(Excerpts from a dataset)
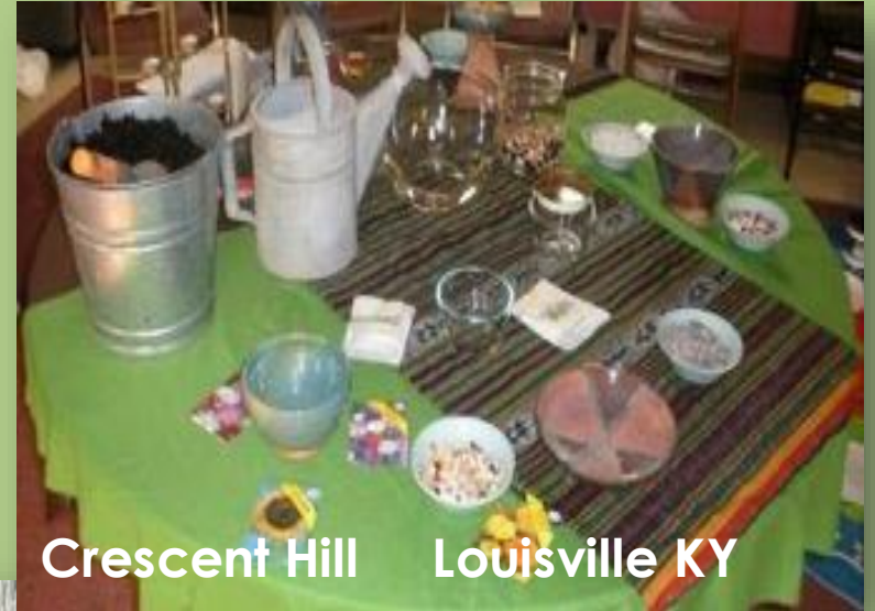
Crescent Hill Louisville KY
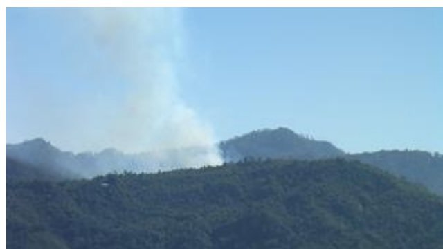
This photo taken on February 8 th 2010, shows smoke rising from the burning cardamom plantations along the Kler La to Buh Hsa Kee road between See Kheh Der and Plaw Moo Der. Patrolling SPDC forces set fire to vegetation along the road, including cardamom plantations, while rations were being delivered to camps in the area.

between income earned from cardamom and support for the KNLA. In 2006 an SPDC radio message supposedly instructed units deployed to Toungoo District to step up the destruction of cardamom crops as well as other fruit plantations that might serve as a source of finances for the KNLA, and thereby force the group to negotiate with the SPDC; a similar order was
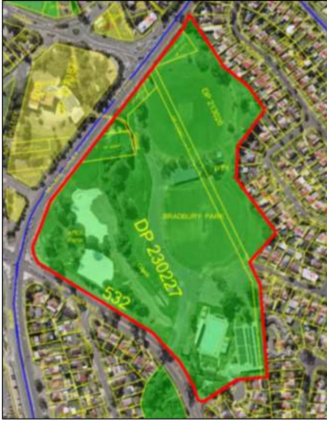
Figure 1: Subject site

The subject site incorporates 8 lots as identified above and are all owned and managed by Council. The site is currently zoned RE1 – Public Recreation and is identified as Community Land. The purpose of the planning proposal is to reclassify the land from community to operational land.

[Task objective] Leave out the images and write out the lines above exactly, from the one with "This photo taken" up to and including the one with "Figure 1: Subject site".

[Solution to the problem]
This photo taken on February 8 th 2010, shows smoke rising from the burning cardamom plantations along the Kler La to Buh Hsa Kee road between See Kheh Der and Plaw Moo Der. Patrolling SPDC forces set fire to vegetation along the road, including cardamom plantations, while rations were being delivered to camps in the area.

between income earned from cardamom and support for the KNLA. In 2006 an SPDC radio message supposedly instructed units deployed to Toungoo District to step up the destruction of cardamom crops as well as other fruit plantations that might serve as a source of finances for the KNLA, and thereby force the group to negotiate with the SPDC; a similar order was
Figure 1: Subject site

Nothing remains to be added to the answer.